Constitui um repositório de material audiovisual de acesso irrestrito. Mediante o motor de busca que o sítio possui podem encontrar-se fragmentos de filmes de ficção, documentários, clips de música, material de arquivo (televisivo, radiofónico, etc.) e um vasto e heterogéneo material produzido, editado e socializado pelos utilizadores. Neste sentido, o seu potencial didático não radica simplesmente em que o docente ou os estudantes possam procurar material; este espaço web dá também a possibilidade de enviar materiais produzidos ou editados pelos próprios alunos.

Glogster

É uma rede social virtual gratuita que permite a criação de cartazes interativos com uma ampla gama de opções de desenho possibilitando simultaneamente a utilização de textos, áudios, imagens, fotografias, vídeos, efeitos
especiais, entre outros.

A partir do ambiente Glogster pode promover-se o trabalho colaborativo, promovendo o desenvolvimento criativo de ideias com o rigor concetual requerido pelo tratamento de um tema.

*** Notas d’O Meu Baú ***

||| Para Kant (1724-1804), a felicidade será o resultado de uma vida em que cumpramos o dever (o dever moral), em que ajamos por puro respeito pela lei moral (isto é, independentemente de qualquer inclinação sensível ou afetiva: se eu ajo por amor ou compaixão ou esperando uma recompensa como o paraíso ou por medo como o medo do inferno, já não ajo por dever). Assim e por exemplo, para Aristóteles ser generoso é tão mais virtuoso quanto mais vantagem nos trouxer; para Kant, é tão mais virtuoso quanto menos satisfação daí resultar. [Ver desenvolvimento na entrada do dicionário sobre Kant]
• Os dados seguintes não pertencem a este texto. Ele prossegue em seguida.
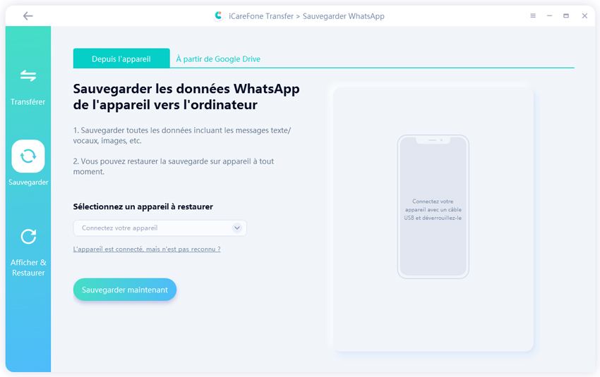 Dans le menu principal, choisissez « Sauvegarde » dans le panneau de gauche pour voir comment sauvegarder WhatsApp sur votre PC/Mac. Ensuite, sélectionnez « Depuis Google Drive » dans le menu supérieur, puis cliquez sur « Sauvegarder maintenant ».
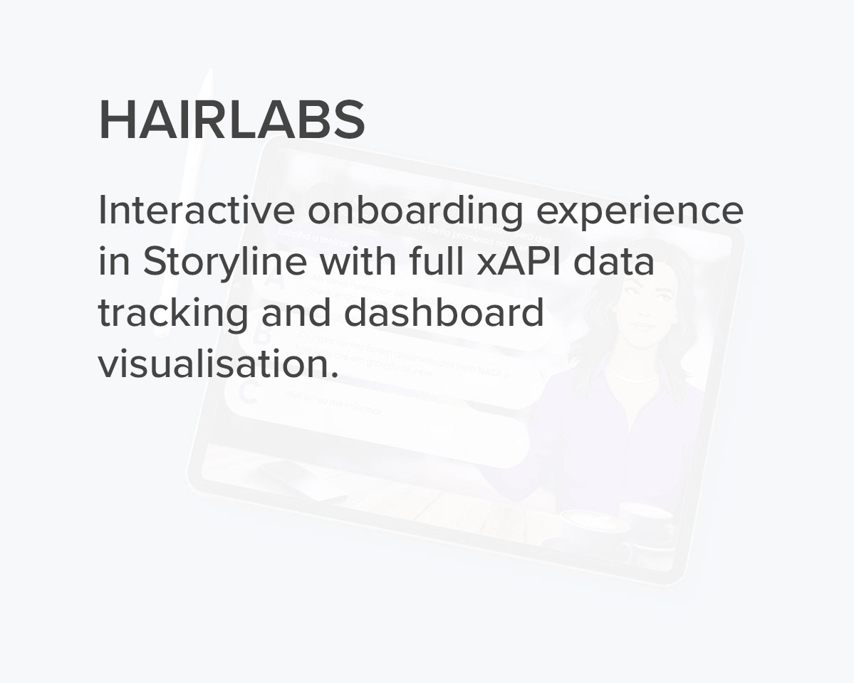 Additionally, I built a separate Storyline dashboard for data visualisation, which can still be hosted in the client’s LMS.

||| André Comte-Sponville lembra que “Ser feliz, etimologicamente, é ter sorte. Isso diz o bastante sobre a felicidade: não é que a sorte baste para alcançá-la, mas nenhuma felicidade, sem sorte, é possível. (…)”. Por outro lado, “Ser feliz também é ter a sensação de sê-lo. É o que Marcel Conche chama de cogito eudemónico de Montaigne: ‘Penso ser feliz, logo sou feliz. […] Em vez de estar sempre lamentando o que não é (‘Que infelicidade não ser feliz!’), aprenda sobretudo, quando possível, a gozar o que é (‘Que felicidade não ser infeliz’!)” (Dictionnaire philosophique, p. 273).

||| Talvez lhe interesse ainda Aconselhamento filosófico e felicidade: uma iniciação.

||| O texto a bizarria filosófica para totós apresenta um livro muito interessante para uma iniciação à filosofia: Não Descartes Estas Ideias. São analisadas mais de 40 ideias filosóficas que poderão parecer bizarras de início, mas com as quais poderemos até, depois de explicadas, concordar. De Epicuro, a sua conceção do prazer e a ideia de que, mesmo na roda, um sábio pode ser feliz (capítulo 21); a conceção de prazer segundo Sócrates (pp. 17-19), o princípio do karma (p. 59), Bentham (pp. 68-71), o Budismo (p. 119), Schopenhauer (o prazer e as mulheres: p. 122), São Tomás de Aquino (pp. 184-185).